Second, the southern states had to nullify their ordinances of secession. Third, the
southern states had to promise NOT to repay individuals and institutions that had
helped to finance the war.
The Military Reconstruction Act, 1867
When Georgia, along with other southern states, refused to ratify the 14th amendment,
the South was placed under authority of Congress. With their continued refusal to pass
this amendment and the rise of the Ku Klux Klan, Congress passed the Reconstruction
Act of 1867. This placed the former Confederate states under military authority and
divided the states into five districts with a Union general in charge of each district.
Georgia, Alabama, and Florida made up the third district. The United States Army
became the government in these districts until such time as new governments were
constituted.
 Congress charged the former Confederate states with creating new state
constitutions and new governments. The military directed the registration of
voting for all adult males including African American males who swore they were
qualified.
 Congress asserted its right to reframe the state governments and constitutions,
and the Supreme Court upheld this curtailment of state power in the court case,
Texas v.
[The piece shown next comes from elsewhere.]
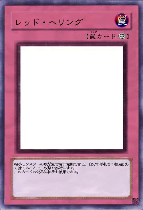 | 相手モンスターの攻撃宣言時に発動できる。自分の手札を1枚選択して捨てることで、攻撃を無効にする。 このカードの効果は相手も使用できる。 | |||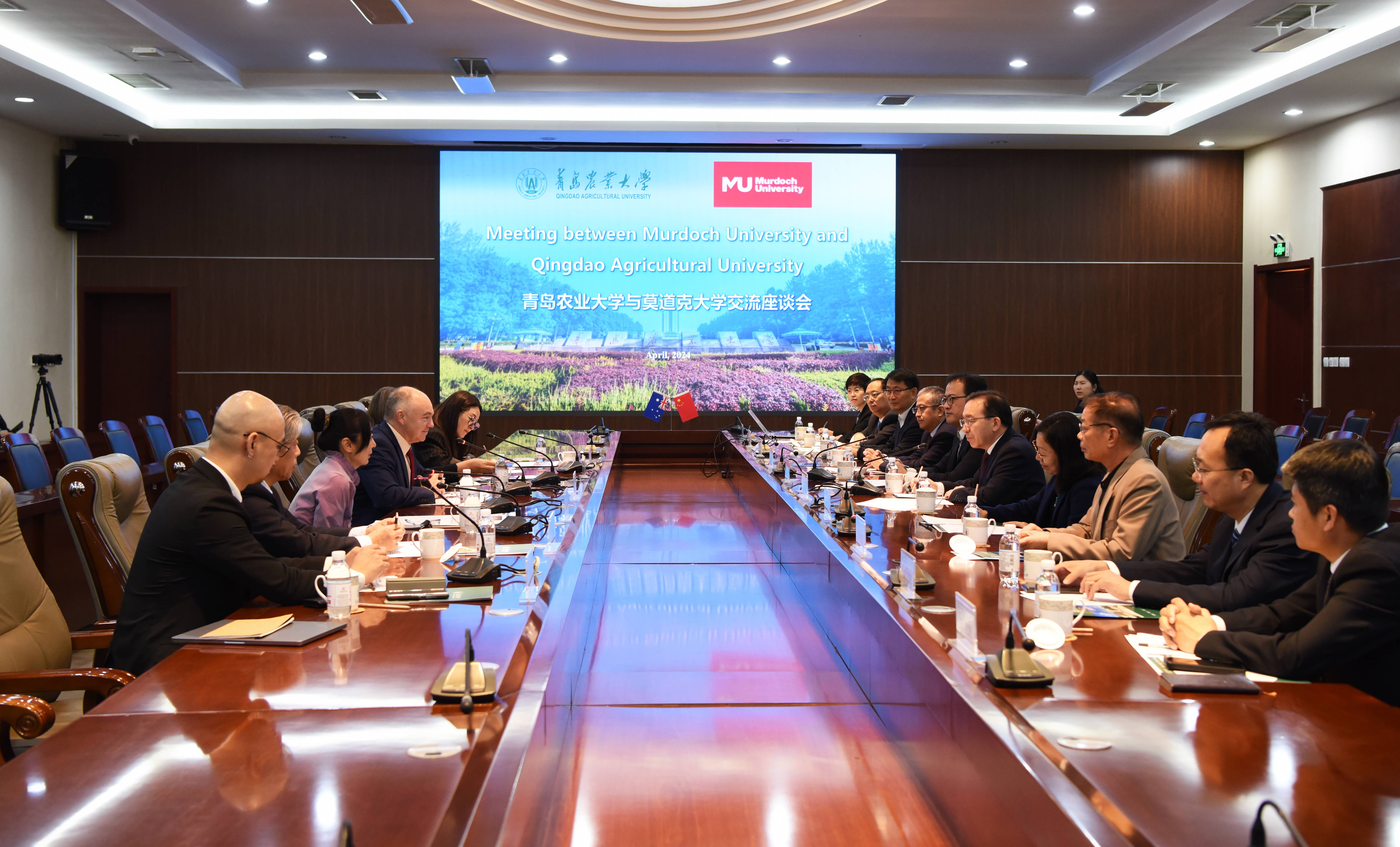 4月10日上午,澳大利亚莫道克大学校长安德鲁·迪克斯、莫道克大学哈瑞·巴特勒研究院主任特蕾娜·博格斯等一行来学校访问,洽谈两校合作事宜。校长赵金山、副校长张玉梅、副校长孙庆杰在学术会馆会见了客人,并出席两校的合作交流座谈会。

White (1869).
 Congress demanded that all the new state governments disfranchise high-ranking
Confederates.
 Congress demanded that all new state governments ratify the Fourteenth
Amendment.
If the states fulfilled these requirements, they would be readmitted to the Union.
During the spring and summer of 1868, with blacks voting in large numbers, seven of
the former Confederate states (North Carolina, South Carolina, Georgia, Florida,
Alabama, Arkansas, and Louisiana) completed the requirements and were reseated in
the Union. In 1870 Texas, Mississippi, and Virginia also fulfilled the requirements,
after ratifying the Fifteenth Amendment.